Rebel Wilson Show ‘Super Fun Night’ Criticized For Reliance On Fat Jokes


Rebel Wilson is overweight, and at one point that alone would have blocked her path to Hollywood.

But in recent years a group of trailblazers have smashed the stereotype that larger women cannot play lead roles — Melissa McCarthy won an Emmy for Mike & Molly and Lena Dunham has reshaped norms of portrayals of women on television with her role in Girls, for example.

This would seem to be the path ABC would take with the new Rebel Wilson project, Super Fun Night. But critics say the show it too restricted in its format and it use of Wilson.

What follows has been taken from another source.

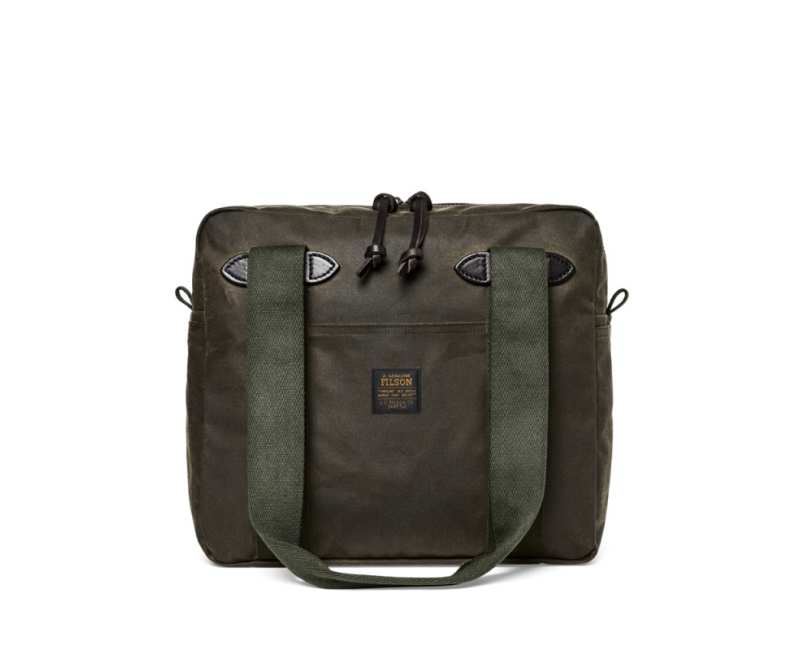 The usefulness of Filson's tote bags is unrivalled, whether at the sporting clays range or on a quick overnight trip. This new variation is made from Filson's iconic Tin Cloth for increased water resistance and lighter weight. A cotton canvas lining protects gear. Bridle Leather handles are long enough for shoulder or hand carry.

“Unfortunately, though Wilson remains gorgeously fearless in her willingness to go all in, neither the network nor Wilson (she is an executive producer) know quite what to do with that,” wrote Los Angeles Times critic Mary McNamara. “Beyond, you know, making sure everyone realizes that we shouldn’t have such narrow preconceptions based on appearance.”

Others say the show goes too far in its fat jokes.

“Still, while the star’s skill is beyond question, the show may want to limit how often it asks us to laugh at what are, essentially, fat jokes, even when the overweight person is in control of the joke. There are only so many times you can use Kimmie being disrobed in public as a subject of humor without it crossing from comic to cruel,” says USA Today.

The show itself was met with lukewarm reviews, with a Metacritic score of 46 percent based on 26 reviews.

“Having stripped Wilson of her signature Aussie accent for no good reason, the basic story line trots her back about 10 years, to the dark ages before geeks ruled the earth and McCarthy was a franchise,” the Los Angeles Times explained.

The show, and subsequent reviews, prove that weight is still an issue, especially for female comedians like Rebel Wilson. While reviewer Rex Reed called Melissa McCarthy “tractor-sized” in a scathing review of her movie Identity Thief, larger male actors have rarely faced such scrutiny.